La redondance de AETA

9 janvier 2012

Pourquoi l'industrie de la cruauté envers les animaux mérite-t-elle une protection spéciale ?

TAEE est une loi redondante et inutile. Pour commencer, il existe déjà de nombreuses lois fédérales et étatiques qui couvrent les tactiques du Front de libération des animaux. Le franchissement de propriété, le vandalisme, le cambriolage, la menace, le harcèlement, les graffitis, l'entrave à la paix et les incendies criminels sont tous des crimes. Le ALF sait que leurs actions sont illégales, mais ils sont prêts à risquer leur liberté afin de “sauver autant d'animaux que possible et de perturber directement la pratique de la cruauté envers les animaux” à court terme et “de mettre fin à toute souffrance animale en forçant les entreprises exploitant les animaux à cesser leurs activités” à long terme. Les lois existantes qui s'appliquent à tous les citoyens sont suffisantes pour pénaliser leurs actions. Il n'est pas nécessaire de prévoir une loi supplémentaire qui s'appliquerait uniquement à ceux qui agissent au nom des droits des animaux.
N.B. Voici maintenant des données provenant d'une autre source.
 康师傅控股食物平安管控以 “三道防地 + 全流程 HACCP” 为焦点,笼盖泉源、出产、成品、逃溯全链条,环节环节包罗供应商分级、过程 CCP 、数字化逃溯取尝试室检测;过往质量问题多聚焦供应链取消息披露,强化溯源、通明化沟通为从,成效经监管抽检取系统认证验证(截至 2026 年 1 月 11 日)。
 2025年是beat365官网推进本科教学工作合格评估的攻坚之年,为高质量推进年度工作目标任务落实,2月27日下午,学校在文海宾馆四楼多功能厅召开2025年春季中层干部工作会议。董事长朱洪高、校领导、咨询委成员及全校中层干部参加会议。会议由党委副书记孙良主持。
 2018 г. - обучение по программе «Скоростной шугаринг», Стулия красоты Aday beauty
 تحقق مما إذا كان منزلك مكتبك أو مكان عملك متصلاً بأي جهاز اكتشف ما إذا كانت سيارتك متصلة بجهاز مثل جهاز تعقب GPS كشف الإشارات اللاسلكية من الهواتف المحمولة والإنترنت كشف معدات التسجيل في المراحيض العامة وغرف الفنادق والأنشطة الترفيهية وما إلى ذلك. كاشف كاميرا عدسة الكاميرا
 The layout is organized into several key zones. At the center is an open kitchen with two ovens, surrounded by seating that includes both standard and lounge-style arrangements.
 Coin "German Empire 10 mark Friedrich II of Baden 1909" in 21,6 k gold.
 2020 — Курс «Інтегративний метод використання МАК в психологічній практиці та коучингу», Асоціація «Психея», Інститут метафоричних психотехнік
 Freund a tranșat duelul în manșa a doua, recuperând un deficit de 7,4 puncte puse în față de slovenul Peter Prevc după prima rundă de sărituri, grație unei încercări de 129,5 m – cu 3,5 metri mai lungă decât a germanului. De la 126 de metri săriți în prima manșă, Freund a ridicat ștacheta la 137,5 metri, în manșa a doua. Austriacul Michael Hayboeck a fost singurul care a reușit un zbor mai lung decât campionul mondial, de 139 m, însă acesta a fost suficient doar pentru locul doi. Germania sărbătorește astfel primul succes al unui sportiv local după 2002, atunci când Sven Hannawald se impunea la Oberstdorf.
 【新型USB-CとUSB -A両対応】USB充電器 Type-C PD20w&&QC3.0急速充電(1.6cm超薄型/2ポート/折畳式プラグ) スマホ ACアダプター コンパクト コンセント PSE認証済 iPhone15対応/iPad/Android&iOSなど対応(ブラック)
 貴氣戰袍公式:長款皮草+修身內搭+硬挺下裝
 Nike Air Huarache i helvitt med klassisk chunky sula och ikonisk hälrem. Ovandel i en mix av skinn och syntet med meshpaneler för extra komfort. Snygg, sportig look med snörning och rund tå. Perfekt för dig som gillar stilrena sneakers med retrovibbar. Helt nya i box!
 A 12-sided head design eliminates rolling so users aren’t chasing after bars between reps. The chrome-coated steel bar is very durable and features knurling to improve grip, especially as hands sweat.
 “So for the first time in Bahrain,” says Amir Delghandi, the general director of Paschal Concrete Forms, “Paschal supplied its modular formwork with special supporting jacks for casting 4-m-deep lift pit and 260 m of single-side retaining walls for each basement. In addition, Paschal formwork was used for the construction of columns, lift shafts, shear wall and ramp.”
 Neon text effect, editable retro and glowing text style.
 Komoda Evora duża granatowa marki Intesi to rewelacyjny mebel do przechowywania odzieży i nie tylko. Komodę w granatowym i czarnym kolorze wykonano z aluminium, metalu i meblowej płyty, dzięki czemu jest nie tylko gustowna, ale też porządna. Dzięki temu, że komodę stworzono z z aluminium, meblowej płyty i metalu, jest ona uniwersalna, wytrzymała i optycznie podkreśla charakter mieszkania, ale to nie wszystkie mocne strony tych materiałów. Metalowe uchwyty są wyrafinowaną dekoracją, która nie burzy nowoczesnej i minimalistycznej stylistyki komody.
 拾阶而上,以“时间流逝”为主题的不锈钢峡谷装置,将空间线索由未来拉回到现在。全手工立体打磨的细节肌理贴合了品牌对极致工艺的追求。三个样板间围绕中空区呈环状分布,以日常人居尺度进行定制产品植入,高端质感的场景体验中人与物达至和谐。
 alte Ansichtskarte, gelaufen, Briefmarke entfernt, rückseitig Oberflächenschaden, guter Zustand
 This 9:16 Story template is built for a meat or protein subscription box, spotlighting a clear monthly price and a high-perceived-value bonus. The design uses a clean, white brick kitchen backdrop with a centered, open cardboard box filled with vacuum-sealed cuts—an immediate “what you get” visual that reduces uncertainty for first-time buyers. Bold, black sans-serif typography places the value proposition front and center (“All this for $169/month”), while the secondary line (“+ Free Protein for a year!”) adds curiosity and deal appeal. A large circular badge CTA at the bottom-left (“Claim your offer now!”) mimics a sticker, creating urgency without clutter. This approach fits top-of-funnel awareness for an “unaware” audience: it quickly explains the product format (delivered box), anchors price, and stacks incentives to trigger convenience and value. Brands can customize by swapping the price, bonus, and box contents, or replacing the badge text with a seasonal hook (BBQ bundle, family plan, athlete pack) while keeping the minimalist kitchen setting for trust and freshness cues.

Malheureusement, en 1992, l'Animal Enterprise Protection Act (AEPA) a été promulguée pour faire exactement cela. Dans l'AEPA, les entreprises utilisant des animaux ont été spécifiquement protégées contre les pertes de profits causées par les militants des droits des animaux. La loi s'appliquait directement aux entreprises utilisant des animaux et a été utilisée par le gouvernement dans trois poursuites fédérales : Justin Samuel, Peter Young et le SHAC 7. Mais les industries d'exploitation animale n'étaient pas satisfaites de l'AEPA, ainsi, afin d'élargir la portée de l'AEPA, l'AETA a été adoptée pour criminaliser en outre les manifestations contre les institutions financières qui font affaire avec les entreprises utilisant des animaux.

Désormais, en vertu de l'AETA, les peines recommandées pour ceux qui agissent au nom des droits des animaux ne correspondent plus à la gravité des infractions. Pour les crimes fédéraux, la peine médiane pour détournement de fonds ou vol qualifié (essentiellement, vol) est de quatre mois. Mais en vertu de l'AETA, un militant des droits des animaux dont l'infraction n'implique ni blessure corporelle menacée ou réelle ni perte de profit peut recevoir une peine d'emprisonnement d'un an, plus que le crime en col blanc de détournement de fonds. S'il y a eu une perte de profit, un militant des droits des animaux peut être condamné à une peine d'emprisonnement pouvant aller jusqu'à 20 ans. Dans le système fédéral, la peine médiane pour homicide involontaire coupable est de trois ans, et pour agression sexuelle, de quatre ans et demi. Il est absurde et insultant qu'une perte de profit puisse entraîner une peine beaucoup plus lourde que pour homicide involontaire coupable et agression sexuelle.

Il est évident que les sanctions prévues par l'AETA sont injustes et excessives et que la loi elle-même est redondante et inutile.